- _THE TASK_: All records, minus the pictures: write them out exactly.

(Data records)
::::::::::

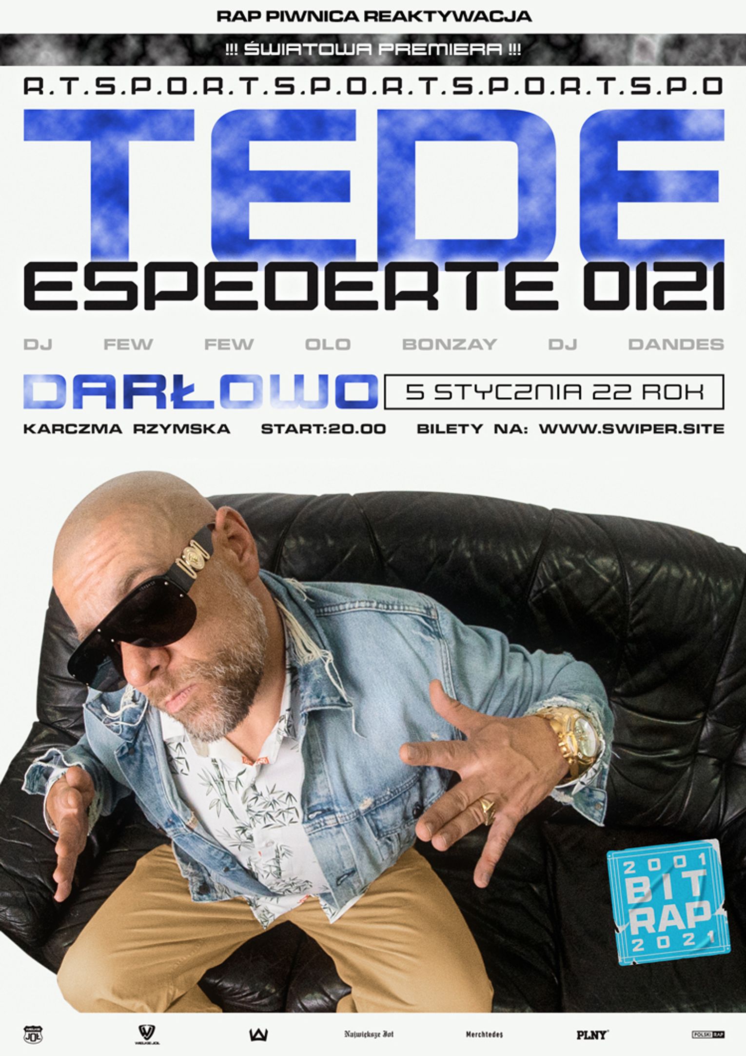 13 grudnia na półki sklepowe trafił nagrany i wydany spontanicznie nowy album Tedego o tytule "ESPEOERTE 0121". Kiedy raper przygotowywał się do świętowania 20-lecia wydania swojego debiutanckiego albumu o tytule "S.P.O.R.T." natknął się na niepublikowane nigdy do tej pory swoje produkcje sprzed dwóch dekad. Były to nagrane utwory jak i same instrumentale, które oczywiście również osobiście wtedy stworzył. Tede postanowił wykorzystać te intrumentale i zarapować do nich. Tak powstał ten album, który po raz pierwszy na żywo usłyszeć będziecie mogli właśnie w Darłowie !!!Bity 2001, rap 2021 - to jest właśnie ESPEOERTE 0121. A Joł jest Wielkie!
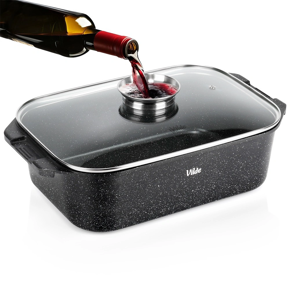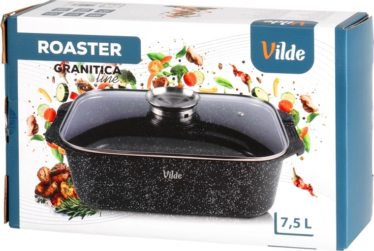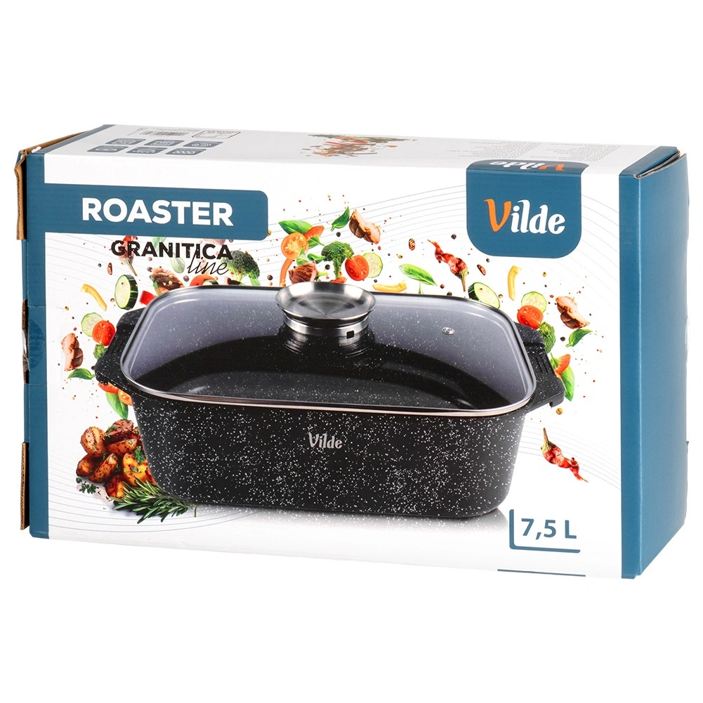 Prostoren granitni pekač s prostornino 7,5 l z temperaturno odporno stekleno pokrovko je idealen za peko, dušenje in zapekanje. Odporno lito aluminijasto telo z neprijemljivo granitno površino omogoča kuhanje z najmanj maščobe, odlično akumulira toploto in ohranja jedi dlje tople. Pokrov s vgrajenim dozirnikom omogoča dolivanje vode, vina ali tekočih začimb brez dvigovanja pokrova.
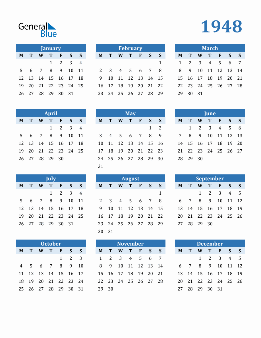 Free 1948 Year Calendar in PDF Word and Excel with Monday Start
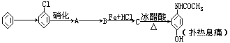 对乙酰胺基酚又称扑热息痛,为白色晶体,是一种优良的解热镇痛药,其毒性较菲那西汀,阿司匹林低。扑热息痛的生产流程为:
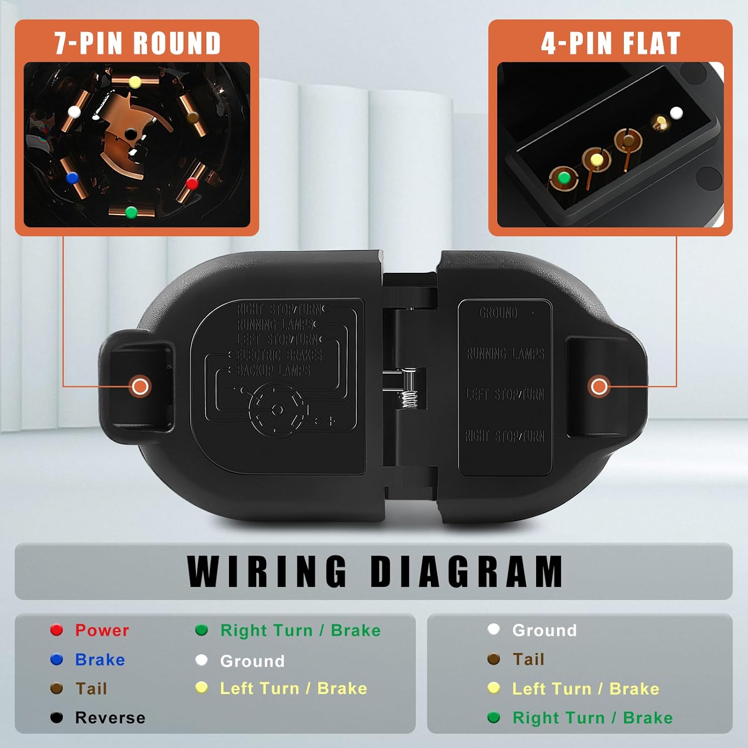 | Connector Type | 7-way Round Socket, 4-pin Flat Plug |

::::::::::

- _SOLUTION_:
 13 grudnia na półki sklepowe trafił nagrany i wydany spontanicznie nowy album Tedego o tytule "ESPEOERTE 0121". Kiedy raper przygotowywał się do świętowania 20-lecia wydania swojego debiutanckiego albumu o tytule "S.P.O.R.T." natknął się na niepublikowane nigdy do tej pory swoje produkcje sprzed dwóch dekad. Były to nagrane utwory jak i same instrumentale, które oczywiście również osobiście wtedy stworzył. Tede postanowił wykorzystać te intrumentale i zarapować do nich. Tak powstał ten album, który po raz pierwszy na żywo usłyszeć będziecie mogli właśnie w Darłowie !!!Bity 2001, rap 2021 - to jest właśnie ESPEOERTE 0121. A Joł jest Wielkie!
 Prostoren granitni pekač s prostornino 7,5 l z temperaturno odporno stekleno pokrovko je idealen za peko, dušenje in zapekanje. Odporno lito aluminijasto telo z neprijemljivo granitno površino omogoča kuhanje z najmanj maščobe, odlično akumulira toploto in ohranja jedi dlje tople. Pokrov s vgrajenim dozirnikom omogoča dolivanje vode, vina ali tekočih začimb brez dvigovanja pokrova.
 Free 1948 Year Calendar in PDF Word and Excel with Monday Start
 对乙酰胺基酚又称扑热息痛,为白色晶体,是一种优良的解热镇痛药,其毒性较菲那西汀,阿司匹林低。扑热息痛的生产流程为:
 | Connector Type | 7-way Round Socket, 4-pin Flat Plug |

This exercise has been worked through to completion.